§ Exercise directions
Transcribe the material verbatim, starting at its first line and stopping once the line containing "rose floral design" has been given; no picture should appear.

§ Records supplied
####

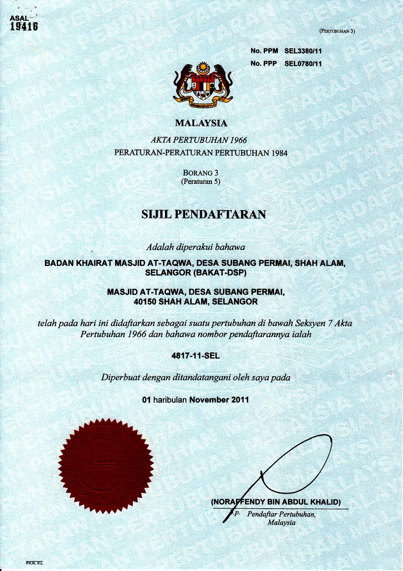 Ahli-ahli pertubuhan ini terbuka kepada penduduk-penduduk beragama Islam yang bermastautin di qariah Masjid At-Taqwa, Desa Subang Permai dan dari kawasan sekitarnya. Bagi tujuan pendaftaran, ketua keluarga disarankan didaftarkan sebagai ahli dan manfaatnya meliputi ahli tanggungannya yang sah disisi undang-undang.
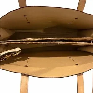• Tan signature print with bold rose floral design
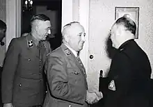 During Ritterbusch's time in office as Commissioner-General, the influence of the NSDAP party apparatus in the Netherlands was strongly repressed in favour of an expansion of the SS power base in the occupied country. This was precisely what Himmler had set as his goal before Schmidt's appointment. Schmidt had put many obstacles in the way of the SS. Accordingly, Himmler demanded that Schmidt's successor must be a "strict representative of the Greater Germanic line".[9] Bormann who, since 1942, had pursued a policy of submissive cooperation between the party and the SS, had bowed to this claim with the appointment of Ritterbusch. At a meeting held in The Hague on 30 July 1943, shortly after Ritterbusch's appointment, he was informed by Seyss-Inquart that unconditional loyalty to the SS leadership was a requirement of his future work. The SS representative, Hanns Albin Rauter, judged Ritterbusch as a "quiet, very orderly man of a pastoral character"[10] because of his obedient administration. According to the SS, he refrained from interfering in their "political shaping" and was an exponent of the party who favored the politics of the SS. He was viewed as weak and did not cause the SS any difficulties. Bormann also conceded in a later report that Ritterbusch was not very energetic. However, he rejected the idea of Ritterbusch being appointed head of the NSDAP's main archive as proposed by his co-worker Walkenhorst, who characterized him as a "kind of party philosopher".[11] In history books, Ritterbusch has also mostly been described as a "colourless party functionary".[12]
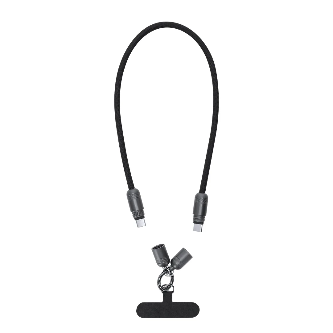 Ref: BEC39912MOLanyard cabo de carregamento, função de transferência de dados e suporte para telemóvel. Com entrada/saída Tipo C e capacidade de 60W, permitindo carregamento rápido. Funcionalidade e comodidade num único acessório.
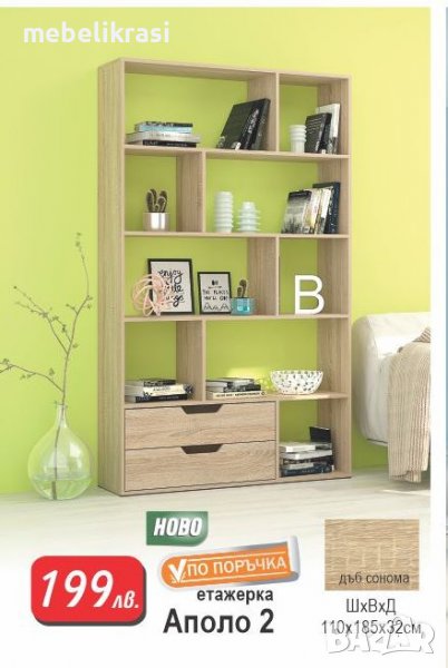 "Аполо 2" представлява практична етажерка, подходяща за обзавеждане на хол, дневна или офис. Моделът е оборудван с: множество рафтове и две чекмеджета. Изработва се от ПДЧ, в цвят дъб сонома.
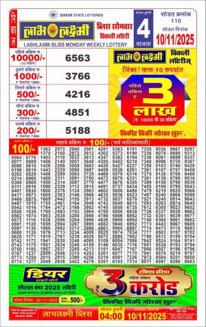 Dear Lottery Monthly Chart Labh Laxmi Lottery 4PM Result 10.11.25
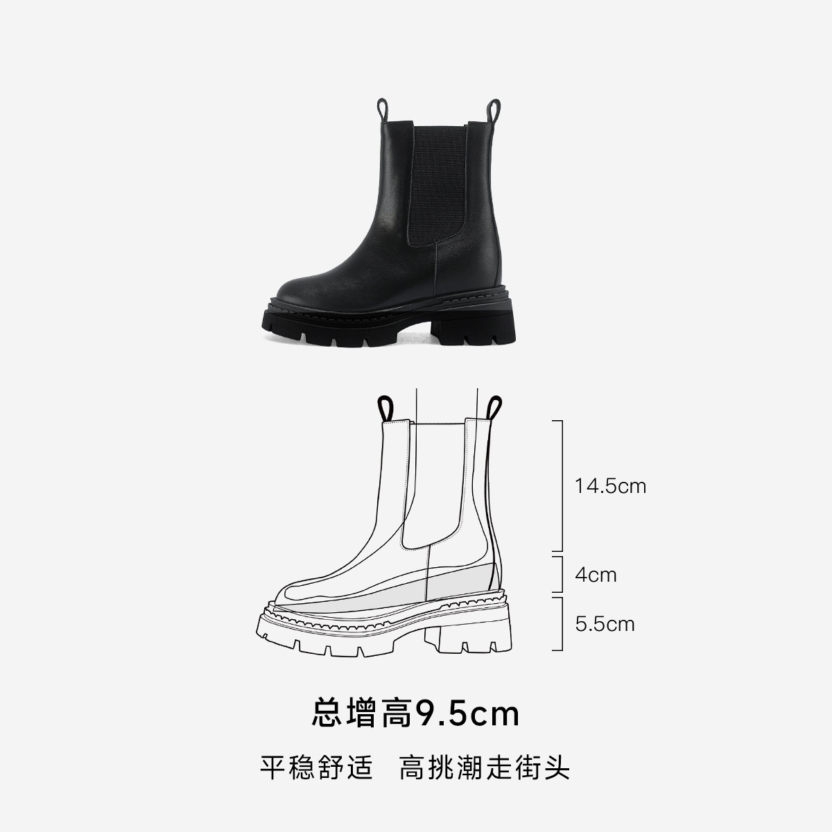 📚 【明星同款】iiJin艾今9.5cm厚底内增高英伦切尔西短靴子女774VNA
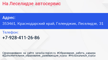 На Леселидзе, автосервис по адресу 353461, Краснодарский край, Геленджик, Леселидзе, 31 в дальнейшем Организация, размещена в следующих категориях:
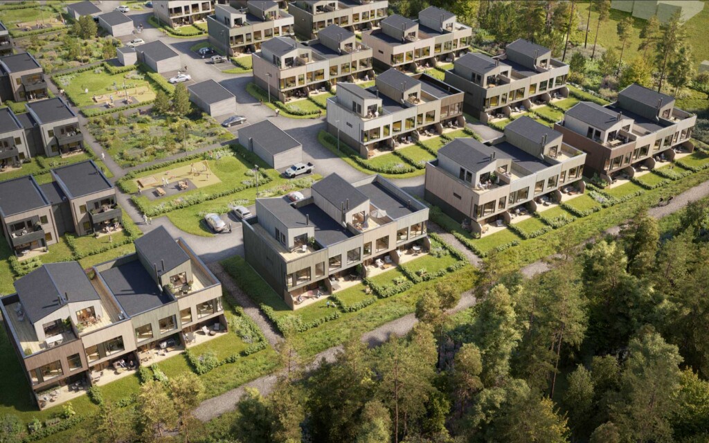 Arealsmarte og moderne rekkehus på 106 eller 136 kvm. Perfekt for barne-familier som trives med å ha både turstier, skiløyper og tretoppsus rett utenfor døren.
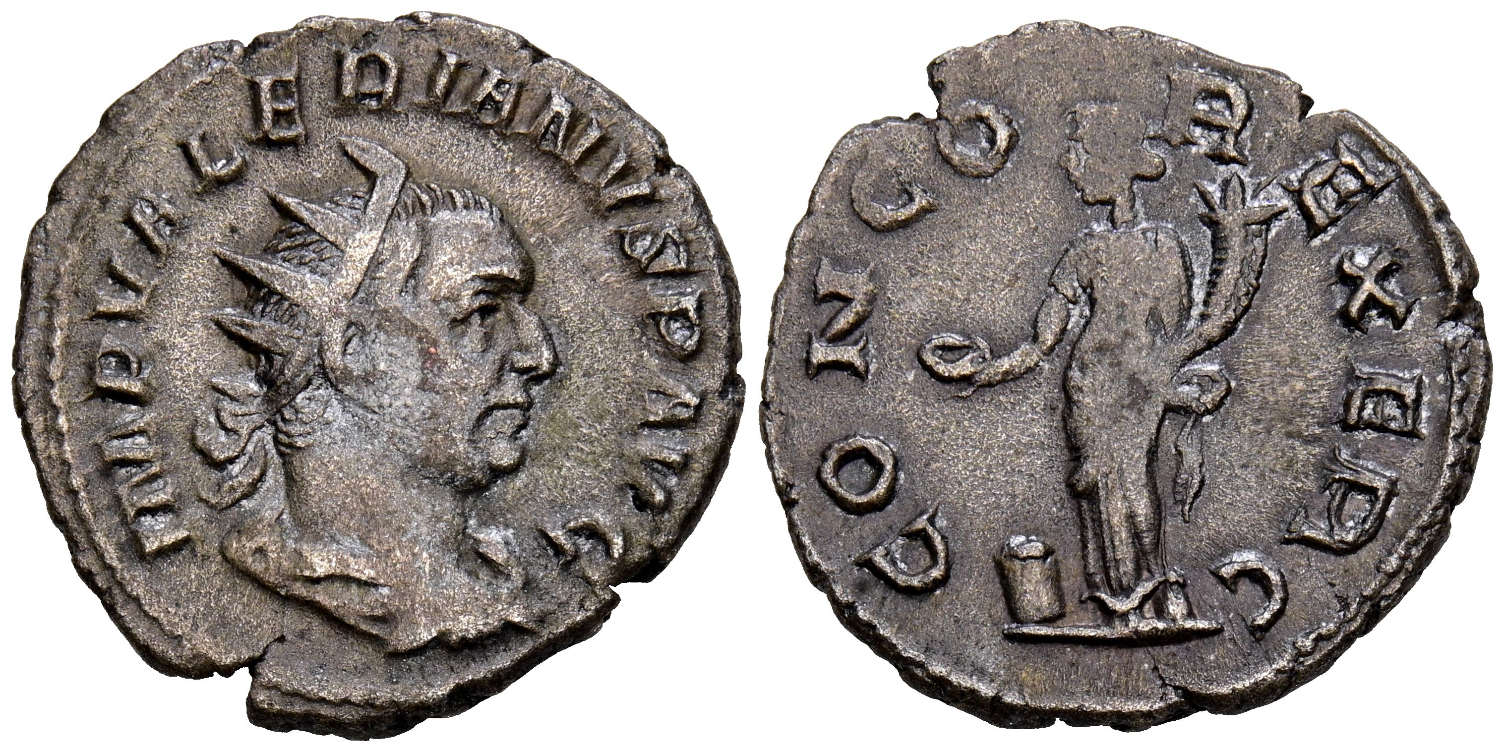 VALERIANO I. Antoniniano. (Ar. 3,42g/21mm). 254-255 d.C. Viminacium. (RIC 233). Anv: Busto radiado y drapeado de Valeriano I a derecha, alrededor leyenda: IMP VALERIANVS P AVG. Rev: Concordia estante a izquierda portando cornucopia y patera sobre altar, alrededor leyenda: CONCOR EXERC. MBC.
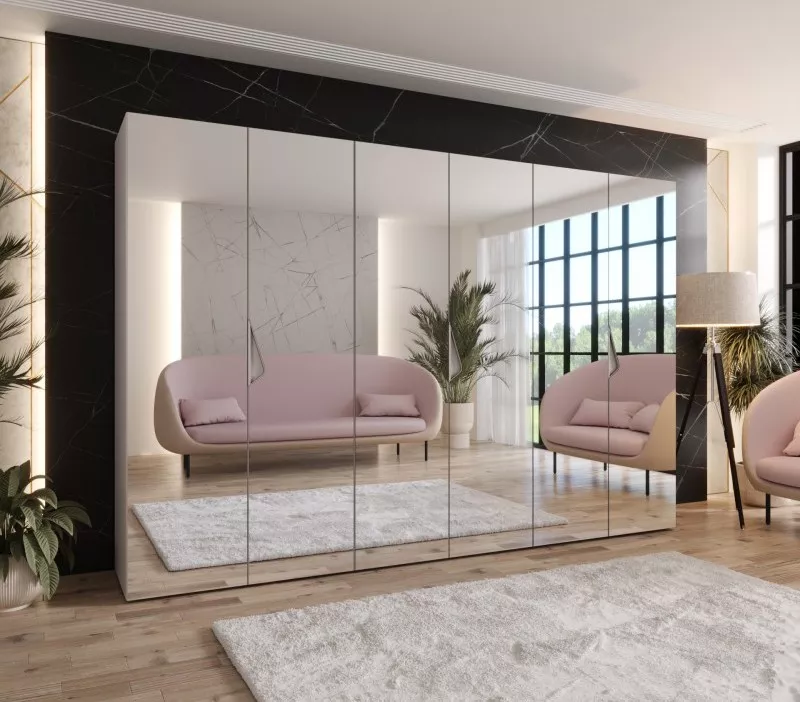 Velká zrcadlová skříň 300 cm AMARIS 3 jistě upoutá pozornost všech nadšenců minimalistického stylu. Vnitřní uspořádání v podobě šatních tyčí a horních polic vám umožní zavěsit a uložit vše potřebné. Skříň je vybavená systémem tichého dovírání, což zpříjemní každodenní používání.

####

§ Task response
 Ahli-ahli pertubuhan ini terbuka kepada penduduk-penduduk beragama Islam yang bermastautin di qariah Masjid At-Taqwa, Desa Subang Permai dan dari kawasan sekitarnya. Bagi tujuan pendaftaran, ketua keluarga disarankan didaftarkan sebagai ahli dan manfaatnya meliputi ahli tanggungannya yang sah disisi undang-undang.
• Tan signature print with bold rose floral design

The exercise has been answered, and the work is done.